* Data section *
Content starts

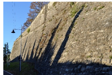
Le Mura del Baluardo di San Giovanni

La scaletta è documentata dal 1590 e è stata interessata da un recupero nel 2019. In rete è presente una relazione tecnica, ma non ci sono particolari riferimenti storici. È presente nel catasto del Lombardo veneto e nella mappa di Bergamo del Manzini (1816).
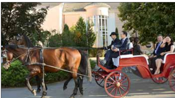
Lovas kocsis is várta a delegáció tagjait
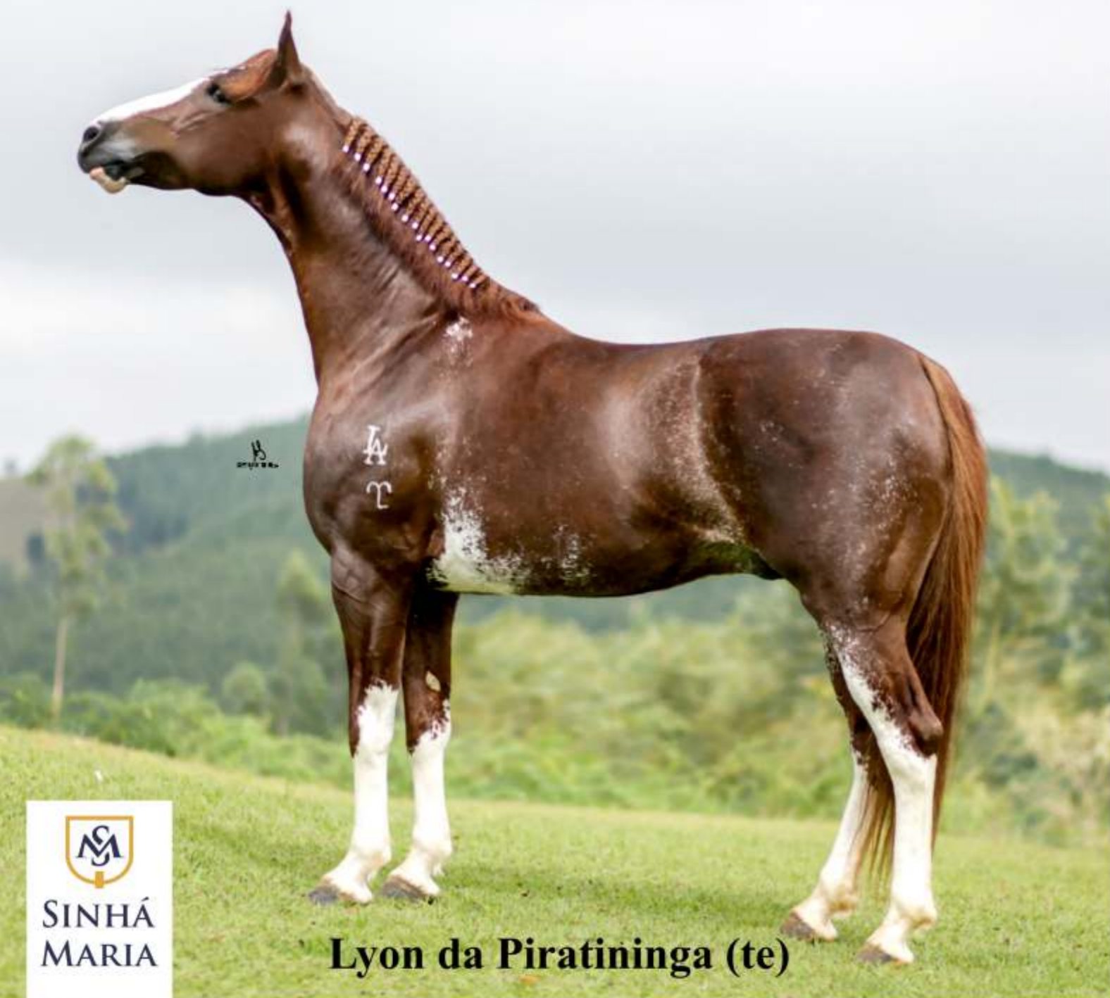
Lyon da Piratininga (te)

Content ends

* Work item *
A faithful, picture-free copy of the material is what this task asks for.

* Result *
Le Mura del Baluardo di San Giovanni

La scaletta è documentata dal 1590 e è stata interessata da un recupero nel 2019. In rete è presente una relazione tecnica, ma non ci sono particolari riferimenti storici. È presente nel catasto del Lombardo veneto e nella mappa di Bergamo del Manzini (1816).
Lovas kocsis is várta a delegáció tagjait
Lyon da Piratininga (te)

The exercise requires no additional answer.